The Tooth Fairy is starting to look a lot more like Santa Claus.

Kids found an average $3 per tooth under their pillows this year, up 15% from last year, according to a survey from Visa out Tuesday. Some received as much as $20 per tooth. "It's a good time to be a kid with a loose tooth," says Jason Alderman, Visa's senior director of global financial education.

The Tooth Fairy is not to be taken lightly, child psychologists warn: Excessive monetary rewards can distort a child's perception of money. "I believe that it not only can be adverse to learning the values of things, but it can also be adverse to learning you earned things," says Patricia Kirwin, a psychologist in Columbus, Ohio.
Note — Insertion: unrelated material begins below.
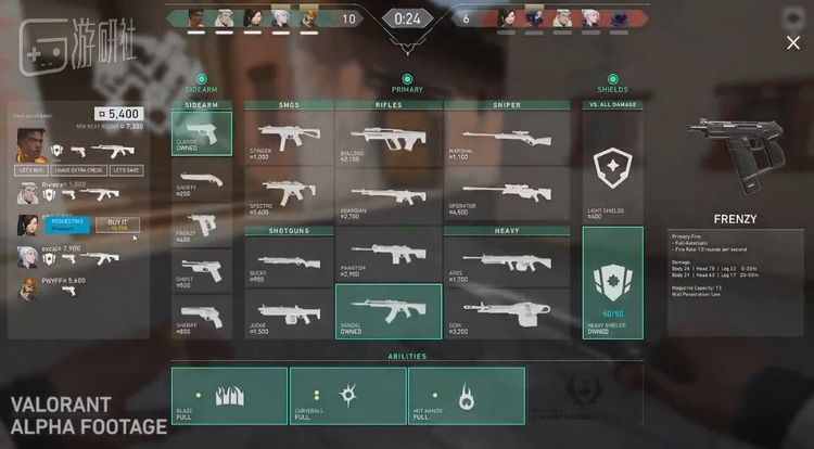 不过,《Valorant》又不仅仅只有战术射击。目前拳头官方公布的8个游戏角色,每个角色都具有自己特有的技能。在每轮游戏中,玩家只能操作一个角色,每个角色自己拥有四个特有技能。玩家一上来直接获得角色的一个技能,随着击杀和胜利的提高,玩家还会陆续通过累计的金钱买到另外两个技能。

Unfortunately, teachers say, tooth inflation is all too common in elementary schools. Nobody wants to be the parent whose child is "the talk at recess," because of a frugal Tooth Fairy, says Amy Moncarz, a second-grade teacher at Lucy V. Barnsley Elementary School in Rockville, Md. Discrepancies in tooth price can lead to a conversation parents might want to avoid: the existence of the Tooth Fairy itself.
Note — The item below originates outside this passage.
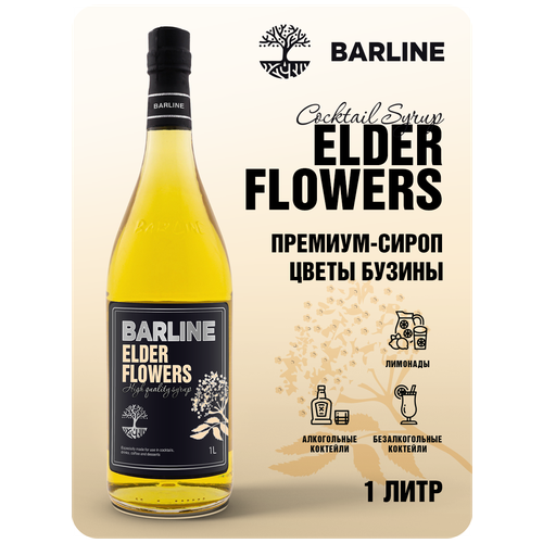 Сироп Barline Цветы Бузины (Elder Flowers), 1 л, для кофе, чая, коктейлей и десертов, ПЭТ

To help parents calculate the going rate for teeth, Visa on Tuesday is launching an app for iPhone and iPad and a calculator on its Facebook page. The app uses the survey's data to determine the average payoff a child can expect based on a parent's gender, education, location, age and income. The app also shows how much the recommended dollar amount was worth when the parent was 8.

Kate Wagner, whose daughter, Emily, 5, lost five teeth this summer, says a tooth-pricing app would be helpful. She and her husband settled on a buck a tooth — what they received as kids.

While the app aims to promote fiscal responsibility in kids, financial gurus say it may encourage parents to try to outdo one another. "The app would be a driver of tooth inflation, not a tracker," says Charles Green, CEO of Trusted Advisor Associates, a management consultant. "I would predict a psychological bidding game."